UCLA was hampered by injuries in 1994, and lost six straight games. Fans were calling for Cook to be benched midseason. With Stokes back healthy, the Bruins recovered to win their next two games against Stanford and Arizona State, scoring a total of 90 points, more than in their entire losing streak. Cook threw for a career-high 380 yards and again tied the school record with four touchdowns to beat Arizona State 59–23. In their season finale, UCLA upset USC 31–19, their fourth straight win against their rivals. The loss denied the Trojans a berth in the Rose Bowl, while Cook became the first Bruins quarterback in 35 years to defeat the Trojans in consecutive seasons. In three straight wins to end the season, he was 52 of 72 passing for 894 yards and eight touchdowns.

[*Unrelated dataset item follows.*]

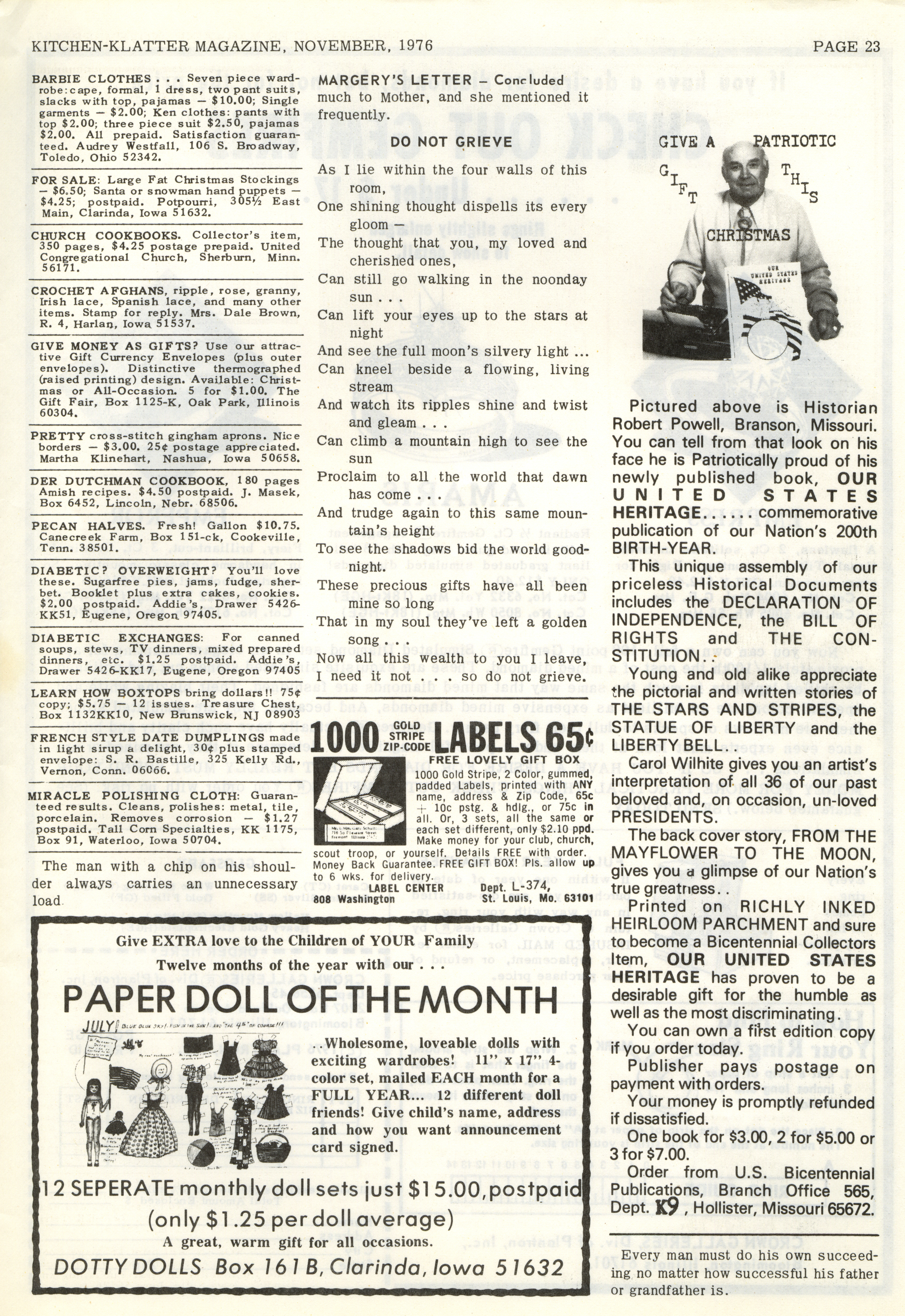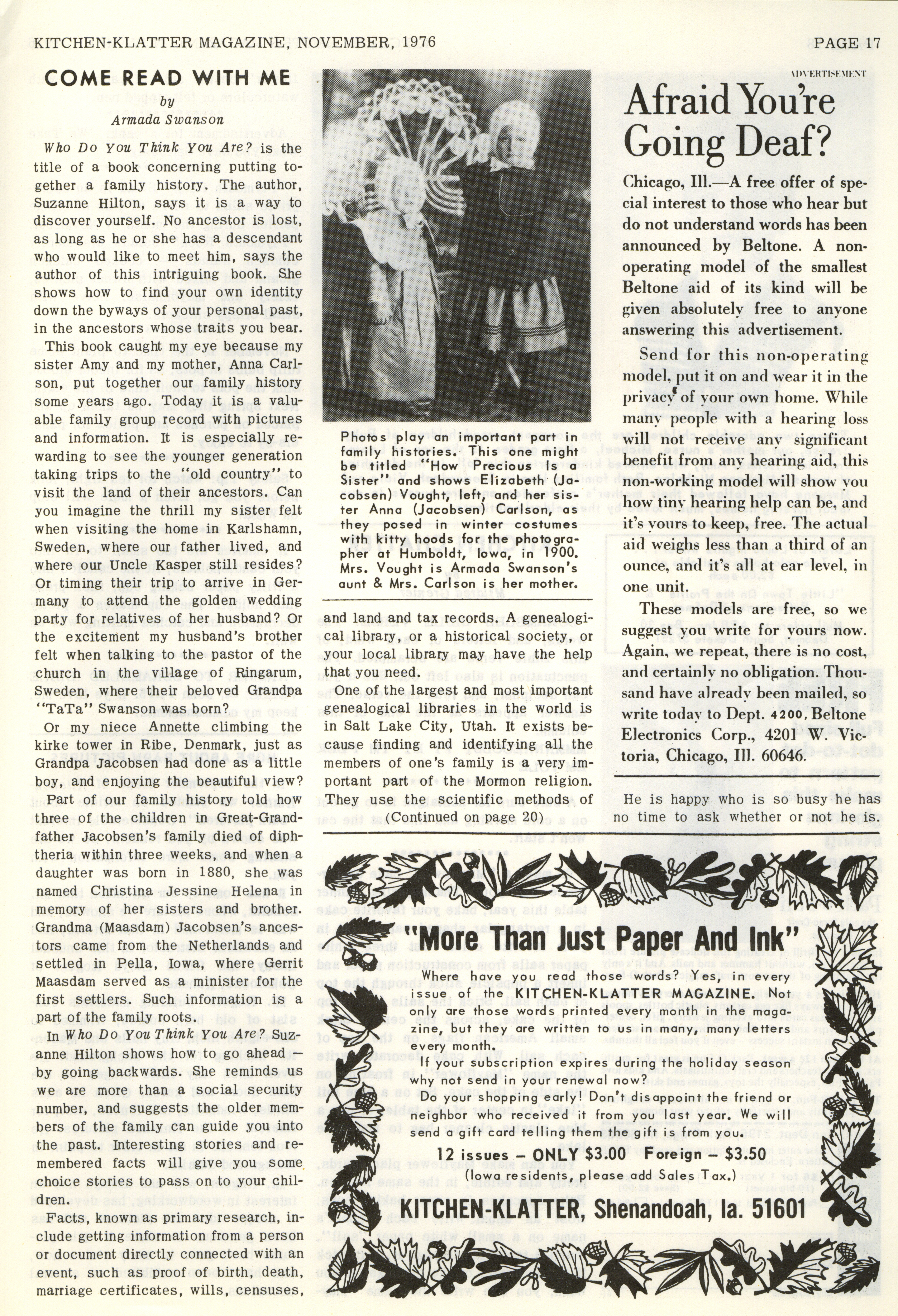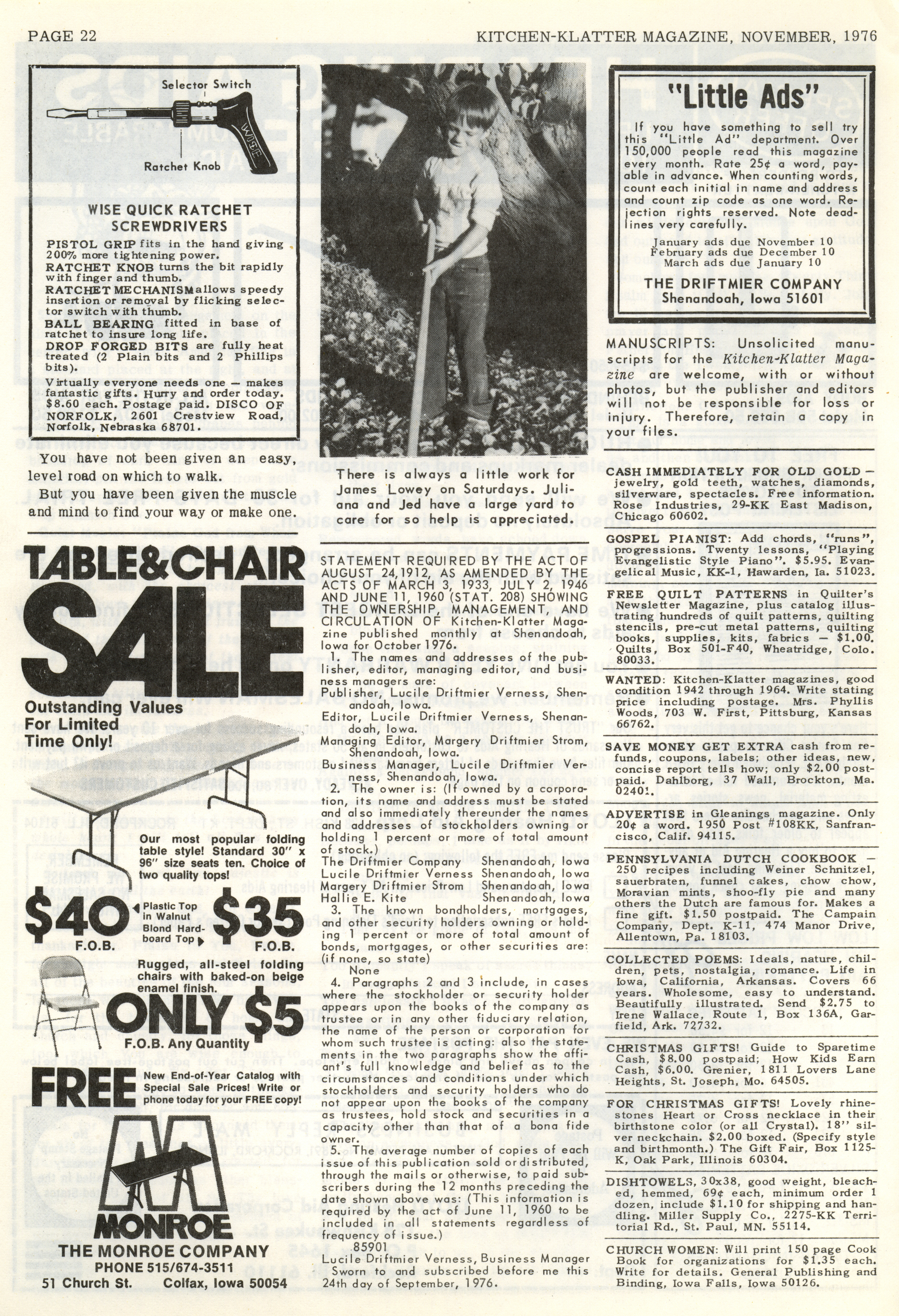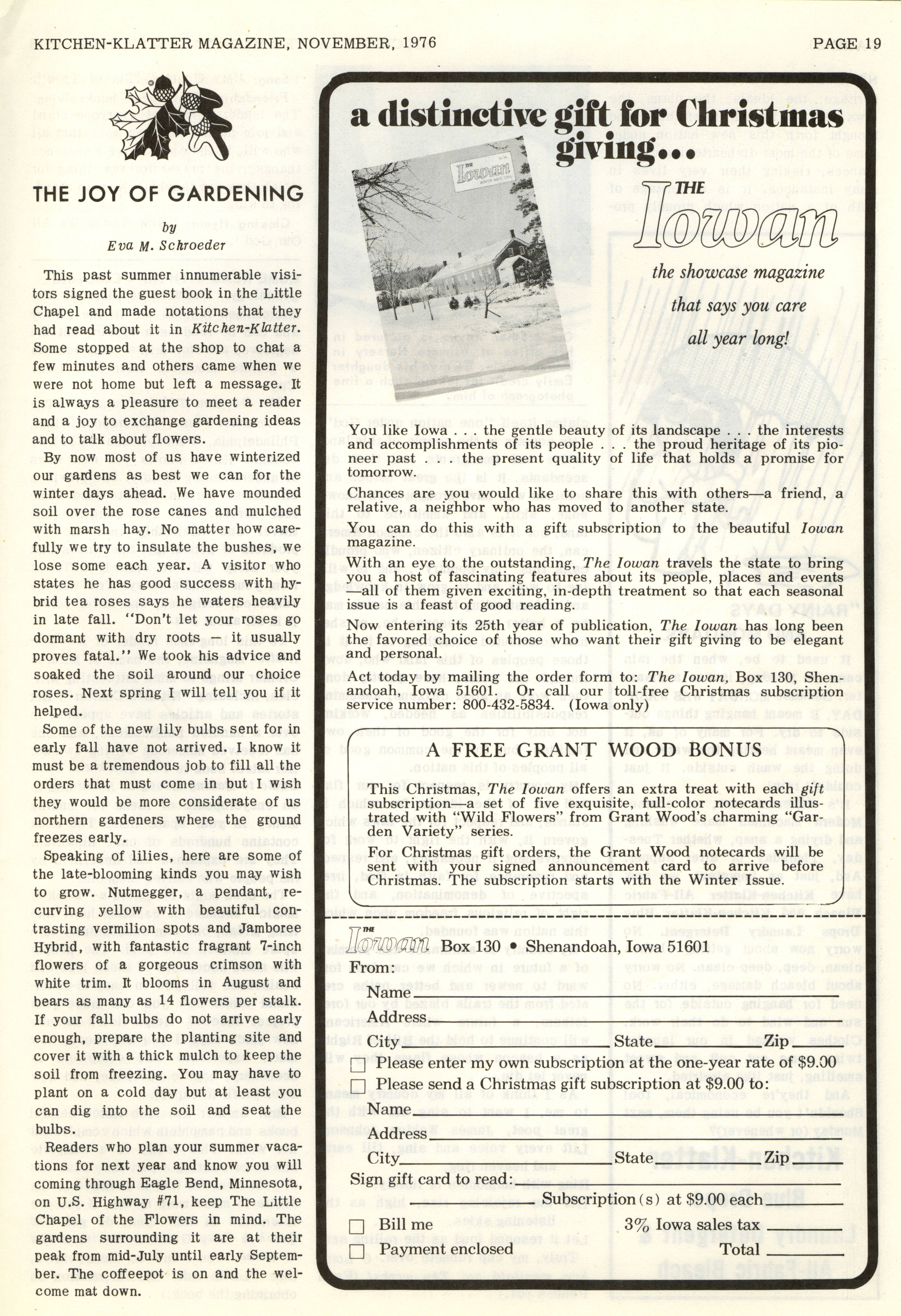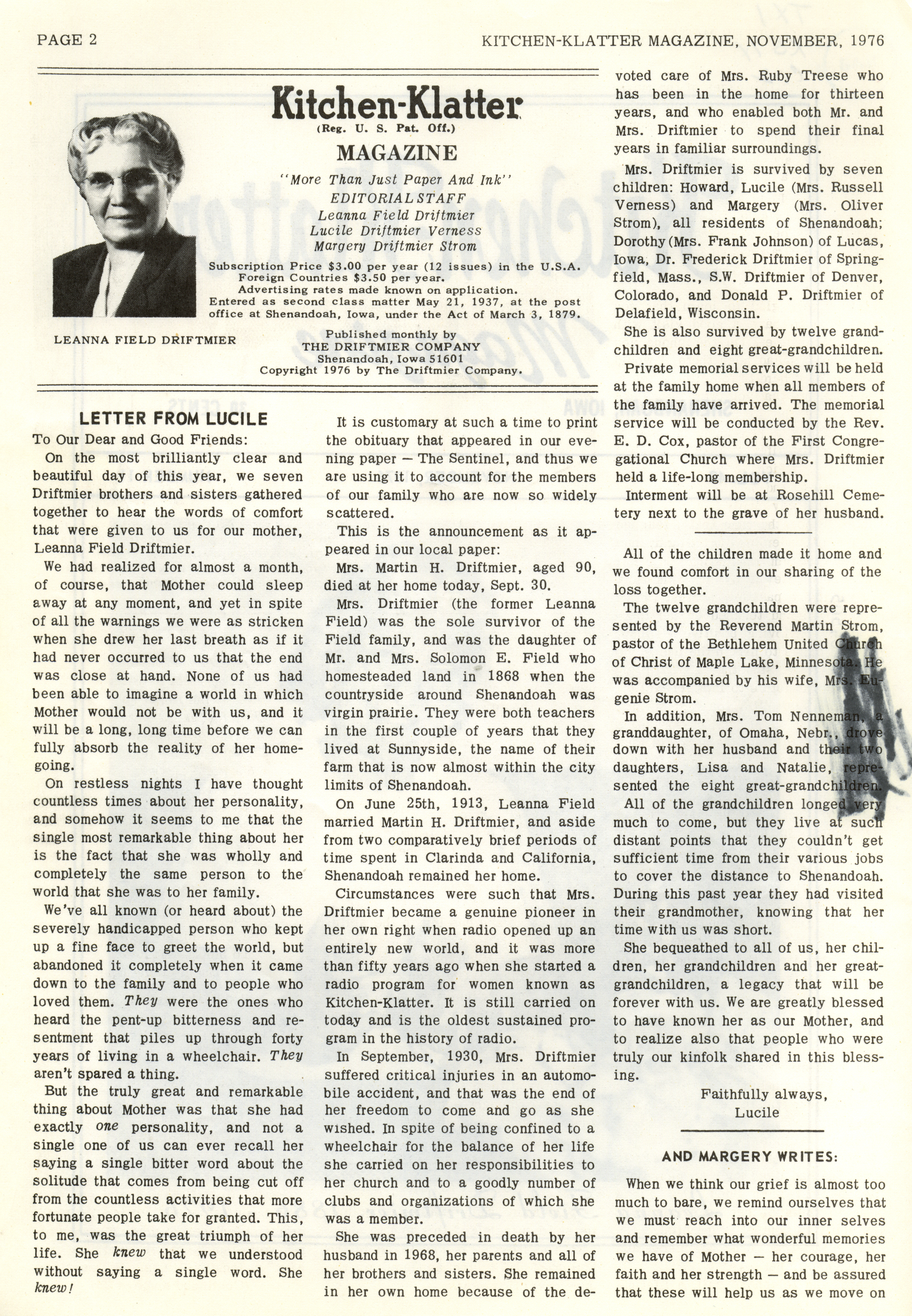 - "Kitchen-Klatter v. 40, n. 11, 1976", Kitchen-Klatter Magazine Issues, Iowa State University Library Digital Collections

Cook finished his career with 352 completions on 612 attempts (57.3%) for 4,753 yards. At the time, his 34 touchdown passes ranked third in UCLA history behind Tom Ramsey (50) and Troy Aikman (41). He had a 13–10 record as a starter.

==Professional career==
On the final day of the 1995 NFL draft, Cook signed with the San Francisco 49ers as an undrafted free agent. He participated in two mini-camps before being cut. The 49ers invited four quarterbacks to training camp, choosing the veteran Cary Conklin over Cook to join Steve Young, Elvis Grbac, and Bob Gagliano. Cook then signed with the Arizona Cardinals. He entered training camp with three other quarterbacks—veterans Dave Krieg and Mike Buck and fellow rookie Stoney Case, a third-round draft pick who was roommates with Cook at the Blue-Gray Game. The Cardinals cut Cook ahead of the league's 60-player-limit deadline.

==Later life==
After football, Cook became a social science teacher and golf coach at Chaparral High School in Temecula, California. In 2002, he started working part-time as a sideline reporter for UCLA football's radio broadcasts.